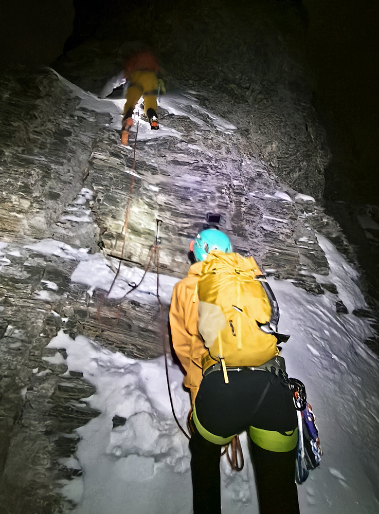Po úvodných metroch po úzkom, ale rovnom hrebienku s občasným snehom začína prvé lezenie. Prvé dva výšvihy sú suché, a hoci to v mačkách nie je ako v lezečkách, chata sa vzďaľuje a postup je rýchly. Vo štvorici si potvrdzujeme, že zatiaľ fajn.
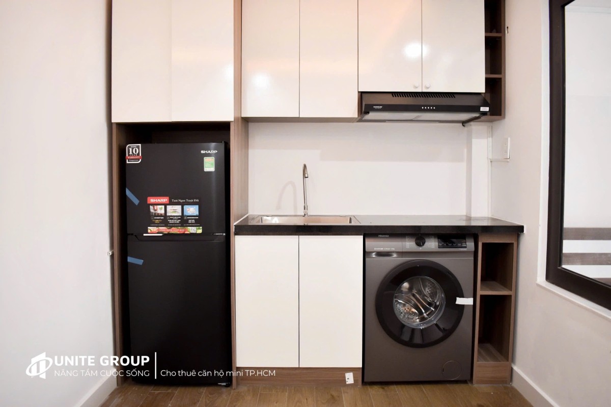 •Khu bếp riêng, tủ bếp trên dưới, bếp điện, hút mùi, tủ lạnh
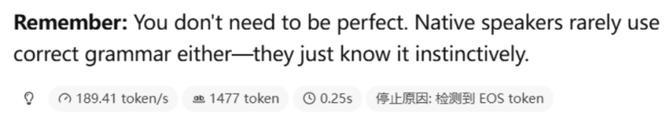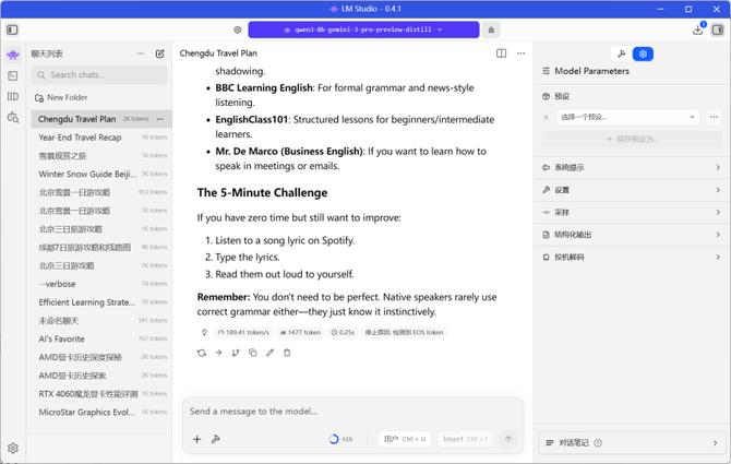 我们使用lm studio进行本地的ai大模型测试,在测试过程中,首词的响应时间为0.25s,生成1477 token的平均速度为189.41 token/s,能够轻松满足内容创作者的要求。
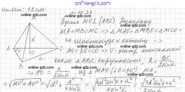 Готовые домашние задания по Геометрии за 10 класс Учебник Мерзляк, Номировский Алгоритм успеха Базовый уровень 2017 - §10. Перпендикуляр и наклонная 10.24
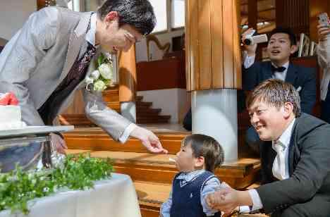 お子様ゲストも飽きずに楽しんでもらえるように、 ウェディングケーキ入刀のあとに、 ”お味見バイト”を行いました。 大きいケーキを前にお子様たちは喜んでくれました。 もちろん、おふたりのファーストバイトも素敵なシャッターチャンスとなりました。
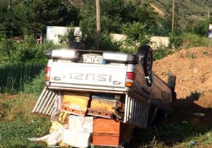 İspir’de sürücüsünün direksiyon başına uyuması sonucu arı yüklü kamyonet devrildi.
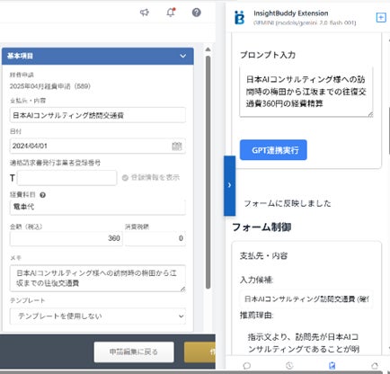 InsightBuddy Extensionは、SaaSによる経費精算や会計処理、Webサイトの問い合わせフォームなどのブラウザを介した各種フォーム入力作業を生成AIが代行します。事前にマニュアルなどの入力ルールを登録するだけで煩わしい入力作業を生成AIが代わりに行ってくれ、作業時間が大幅に短縮されるだけでなく入力精度も向上するため、業務エラーやミスの減少を実現します。
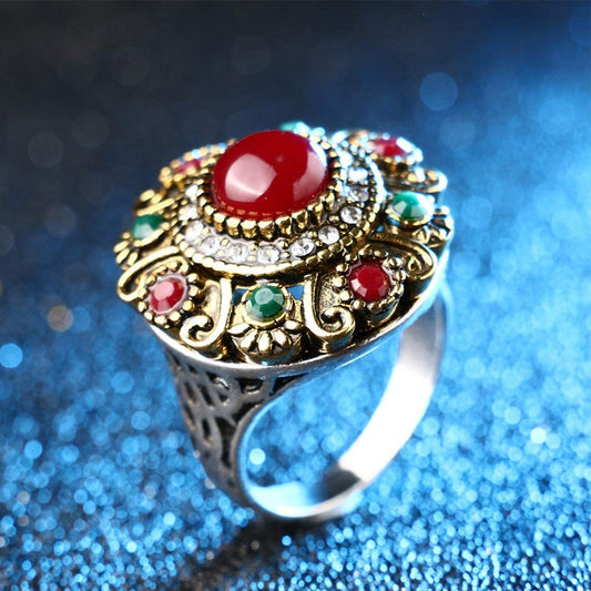 Rings for Women Classic Design Vintage Bohemian Multicolor Studded Stones Antique Rings for Women and Girl's (Size US 8)
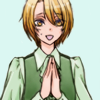 - looking down; reminiscing; smiling
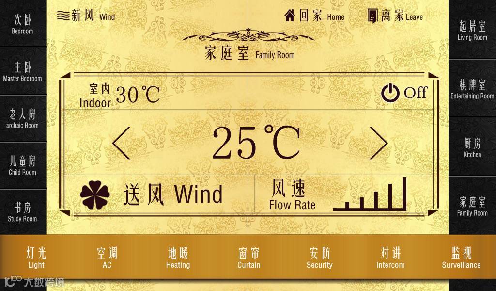 “离家”模式:轻按“离家”按钮,智能家居系统会延时关闭玄关灯光,自动关闭全屋灯光和家电,启动布防,并为您呼叫电梯。
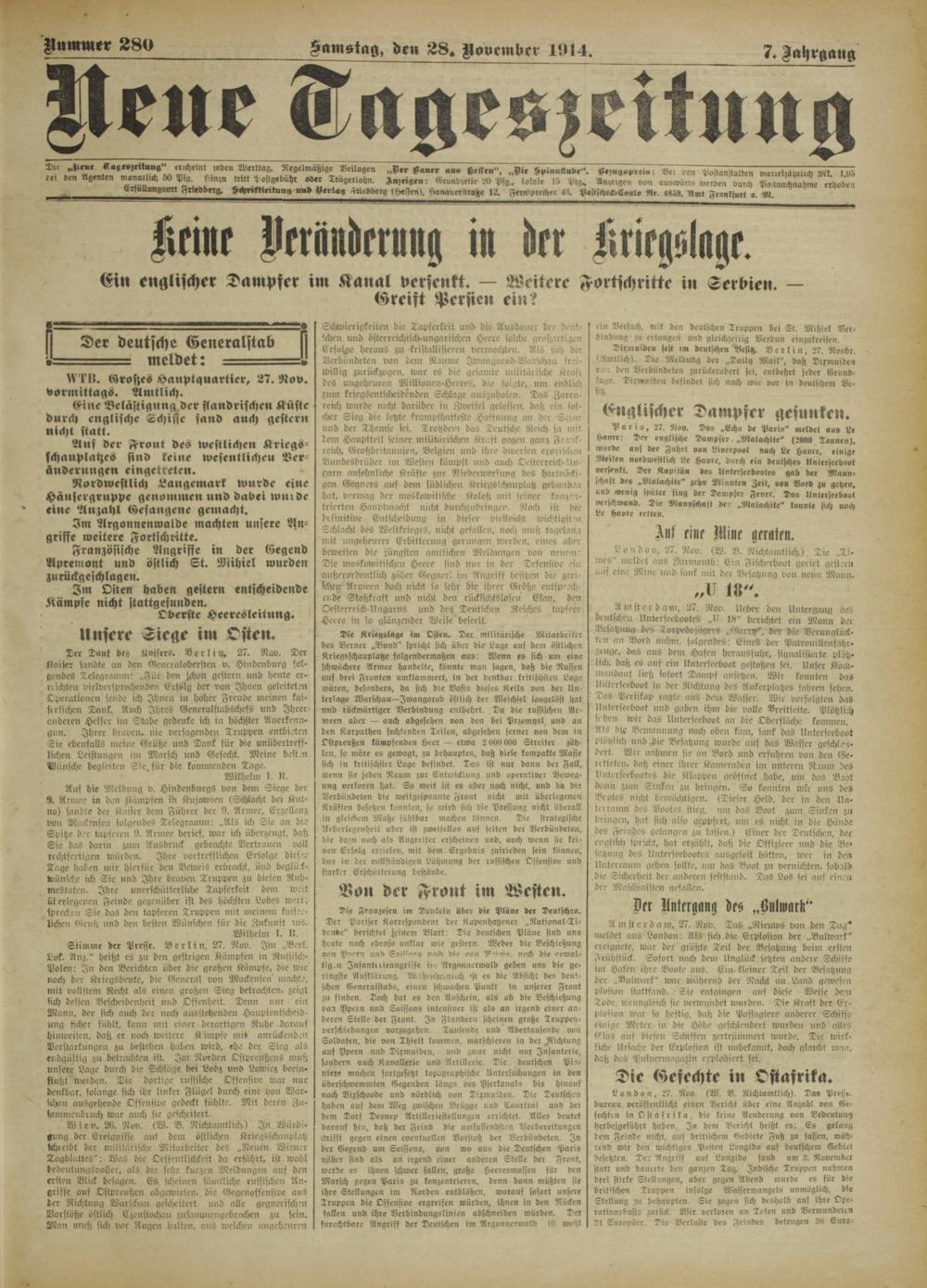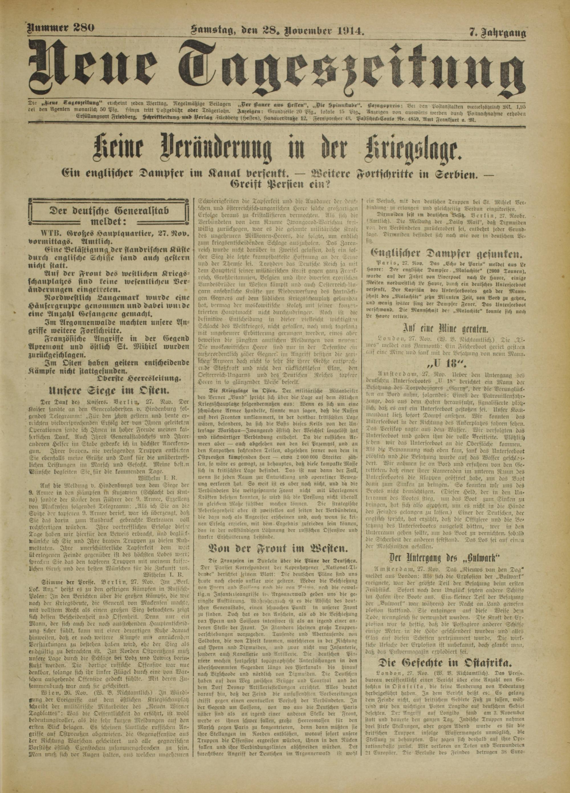Neue Tageszeitung. 1914-1914
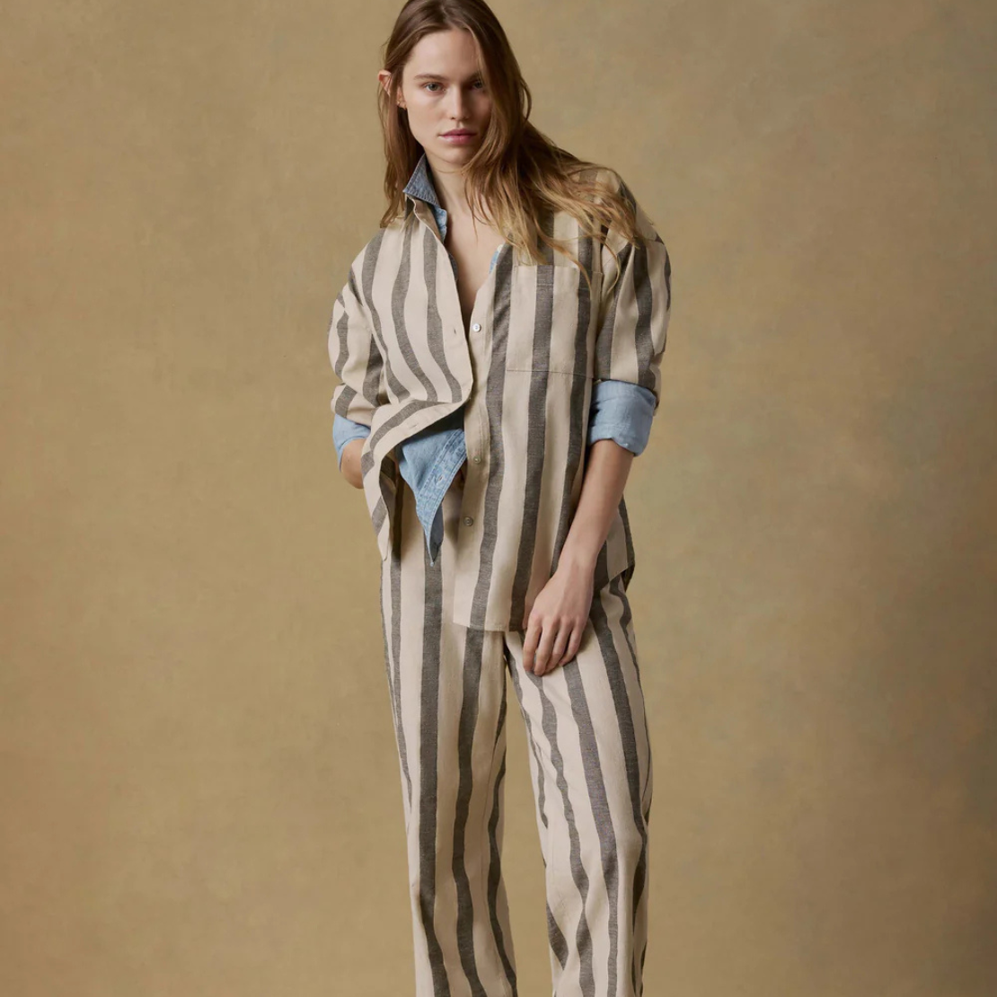 Crafted from a yarn-dyed cotton-linen blend, this oversized button-up is inspired by a vintage find and washed for a balanced hand feel that’s soft yet structured. The Pine Bay Stripe adds subtle depth.
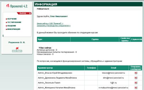 4) Если комбинация регистрационного имени и пароля верна, открывается доступ к интерфейсу (Рисунок 9), и слушатель может приступить к работе.
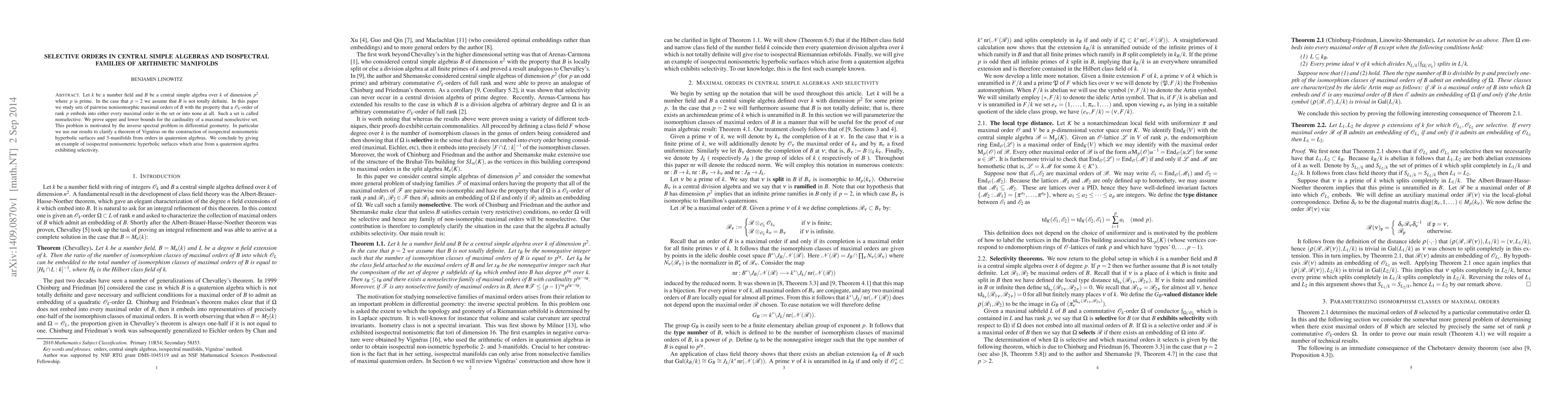 Let $k$ be a number field and $B$ be a central simple algebra over $k$ of dimension $p^2$ where $p$ is prime. In the case that $p=2$ we assume that $B$ is not totally definite. In this paper we study sets of pairwise nonisomorphic maximal orders of $B$ with the property that a $\mathcal{O}_k$-order of rank $p$ embeds into either every maximal order in the set or into none at all. Such a set is called nonselective. We prove upper and lower bounds for the cardinality of a maximal nonselective set. This problem is motivated by the inverse spectral problem in differential geometry. In particular we use our results to clarify a theorem of Vign{\'e}ras on the construction of isospectral nonisometric hyperbolic surfaces and $3$-manifolds from orders in quaternion algebras. We conclude by giving an example of isospectral nonisometric hyperbolic surfaces which arise from a quaternion algebra exhibiting selectivity.
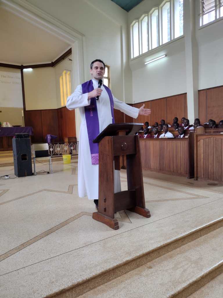 We finished a blessed day sharing a meal with SOMA veteran Rev Kennedy Wando and his lay minister Elias, alongside Rev Moses Kimani who had been our host, guide and ministry partner for the day. We returned to his Alma Mater, Lenana school named after a Maasai leader who had helped overthrown the colonial oppressors. The day had begun early with breakfast at the guest house prior to heading out for the morning service where I had the chance to give out more communion wafers to young men in the age bracket of 15-18 than probably received communion today in the whole Diocese of London.
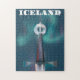 Islândia Espada medieval sob os nortes à noite de poster de viagens.
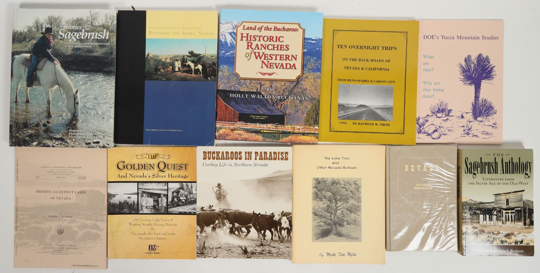 Group of 11 books on the topic of rural Nevada and the Wild West, published 1963 to 2013. Explores topics of Old West literature and history, cowboys and ranching, and rural Nevada ecology and travel. See photo for details.
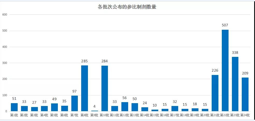 图1各批次公布的参比制剂数量
********
## Your instructions
Set down exactly the lines between the line containing "Islândia Espada medieval" and the end of the records above, both ends included; pictures stay out.

## Finished task
 Islândia Espada medieval sob os nortes à noite de poster de viagens.
 Group of 11 books on the topic of rural Nevada and the Wild West, published 1963 to 2013. Explores topics of Old West literature and history, cowboys and ranching, and rural Nevada ecology and travel. See photo for details.
 图1各批次公布的参比制剂数量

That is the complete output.